The PE file contains "sections", and the sections have independent base addresses. The PE is not a contiguous memory image. Each section is a contiguous memory image.
First you will have to read the section information and make memory-map of their layout. Then you will be able to align the section offsets with the file-based offsets.
As an aside, consider looking at OllyDbg, which is a freeware, open-source debugger and disassembler for Windows. It will possibly help you test your own software, and might server the very purpose you are trying to fill by "rolling your own."
Example from dumpbin /all
output:
SECTION HEADER #1
.text name
BC14 virtual size
1000 virtual address (00401000 to 0040CC13)
BE00 size of raw data
400 file pointer to raw data (00000400 to 0000C1FF)
0 file pointer to relocation table
0 file pointer to line numbers
0 number of relocations
0 number of line numbers
60000020 flags
Code
Execute Read
In this case, my .text section begins at RVA 1000 and extends to RVA CE00. The file pointer to this section is 400. I can translate-to-file-pointer any RVAs in the range 1000-CDFF by the work of subtracting 600. (All numeric values hexadecimal.)
Whenever you encounter an "RVA" (Relative Virtual Address), you resolve it to a file offset (or an index into your byte array), using this method:
- Determine to which section the RVA belongs. Each section contains the RVAs from its virtual address through its size. Sections do not overlap.
- Subtract the section virtual address from the RVA -- this gives you the offset relative to the section.
- Add the section's PointerToRawData to the offset you obtain in step (2). This is the file offset corresponding to the RVA.
Another approach that you might use is to call MapViewOfFileEx()
with the flag FILE_MAP_EXECUTE
set in dwDesiredAccess argument. This API will parse the section headers from the PE file, and read the contents of the sections into their locations relative to the "module base."
The module base is the base address at which the PE header will be loaded. When loading DLLs using LoadLibrary()

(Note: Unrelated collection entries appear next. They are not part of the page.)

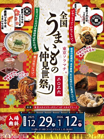 年越しもお正月も“うまいもの”で満たされる!郷土の味から話題のB級グルメまで楽しめる、東京ソラマチ(R)「全国うまいもの仲見世祭り」2025年12月29日(月)~2026年1月12日(月・祝)開催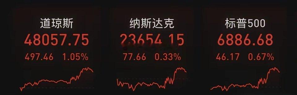 北京时间2025年12月11日凌晨,美股周三收高,道指上涨近500点,道指涨497.46点,涨幅为1.05%,报48057.75点;纳指涨77.67点,涨幅为0.33%,报23654.16点;标普500指数涨46.22点,涨幅为0.68%,报6886.73点。标普500指数逼近历史最高收盘纪录。在美联储决定今年再次降息后,交易员押注明年将有更多宽松政策出台。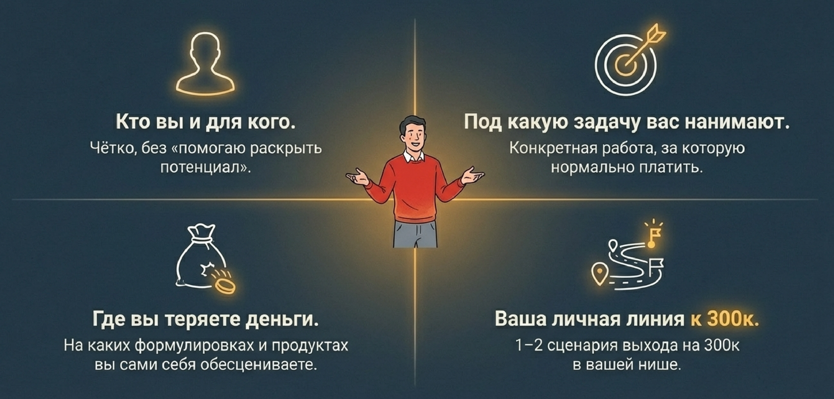 Я хочу понимать, кто я, для кого, за что мне платят и как выйти на свои 300К системно, а не рывками».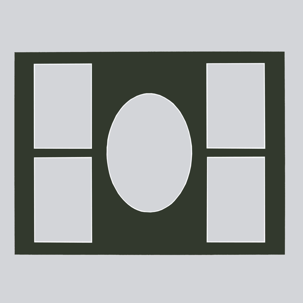 Die Passepartoutcollage Vivienne hat ein Außenmaß von 30x40 cm und einen Ausschnitt für ein Bild im Format 13x18 cm sowie vier Ausschnitte, die für Bilder im Format 9x13 cm geeignet sind. Die Collage kann sowohl im Quer- als auf im Hochformat verwendet werden.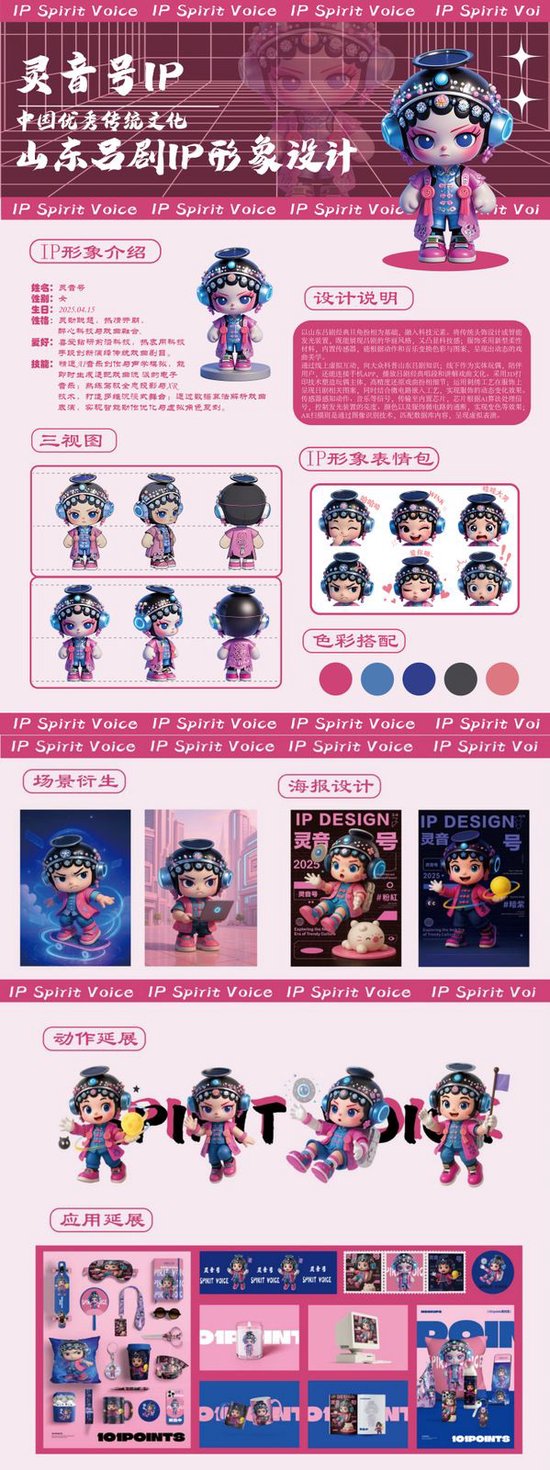 二等奖 作品名称《山东吕剧IP形象设计——灵音号》 作品作者:视觉传达设计2306 庞如月 指导教师:许超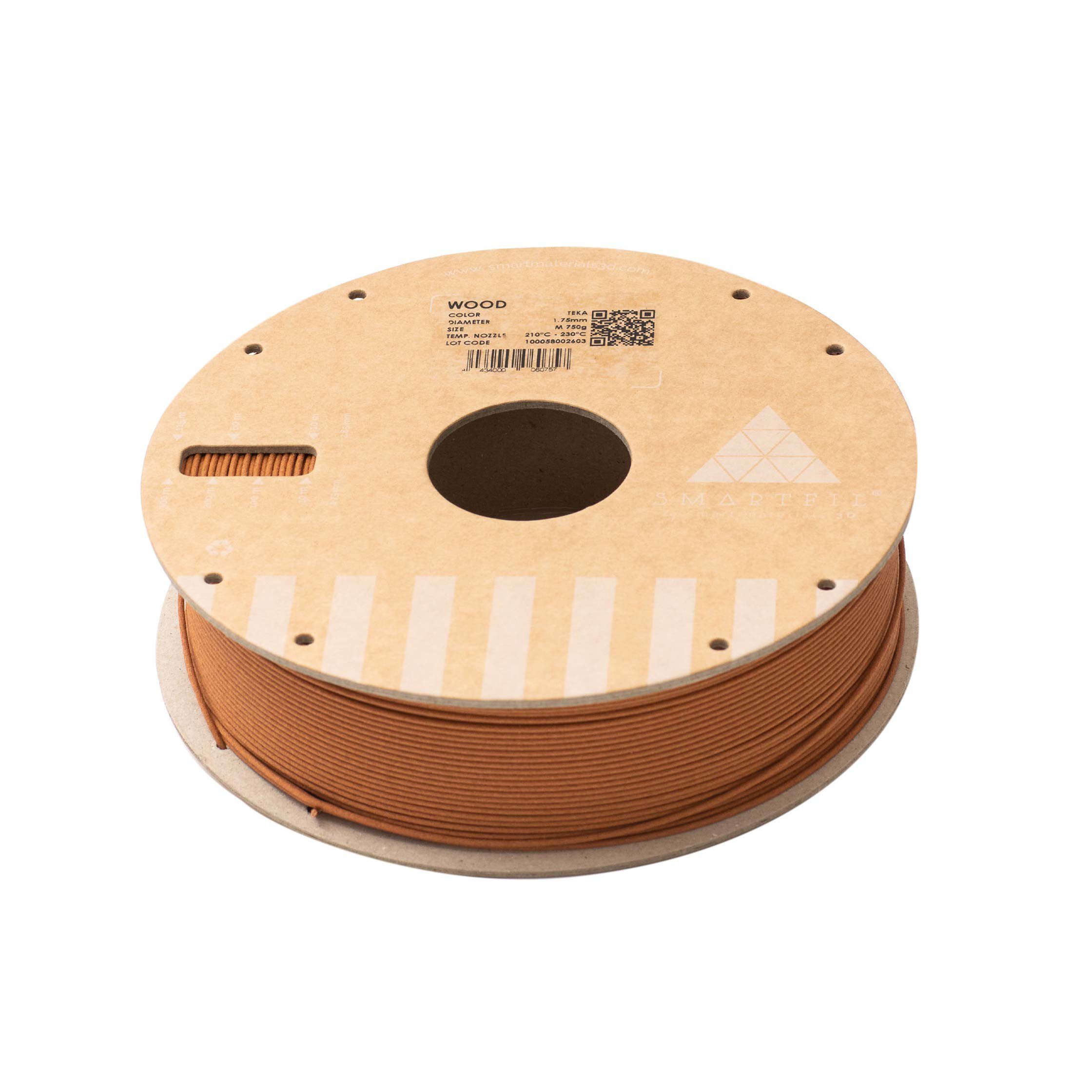 Filamento PLA Wood con carga de madera real para un acabado cƔlido y natural. Disponible en color Teka, diƔmetro 1.75 mm, bobina de 750g.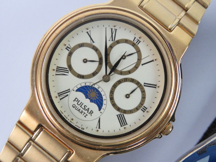 A Pulsar by Seiko V33F-7000 Men's sun/moon phase wristwatch with original strap. Together with a Davidoff Cool Water wristwatch. Two items.

functions, this can be obtained via GetModuleInformation()
function's MODULEINFO
member lpBaseOfDll.
When using MapViewOfFileEx()
, the module base is simply the return value from MapViewOfFileEx()
.
In the setting of loading the module in these ways, resolving the RVA to a normal pointer value is a matter of:
- Store the module base address in a
char *
- Add the RVA to the
char *
- Cast the
char *
to the actual datatype and dereference that.
A drawback of letting the OS map the file as in these approaches is that if you are using this tool to investigate some suspect file and are not sure if a developer has taken strange liberties with the section headers, it is possible you miss some valuable information by letting the OS handle this part of the parsing.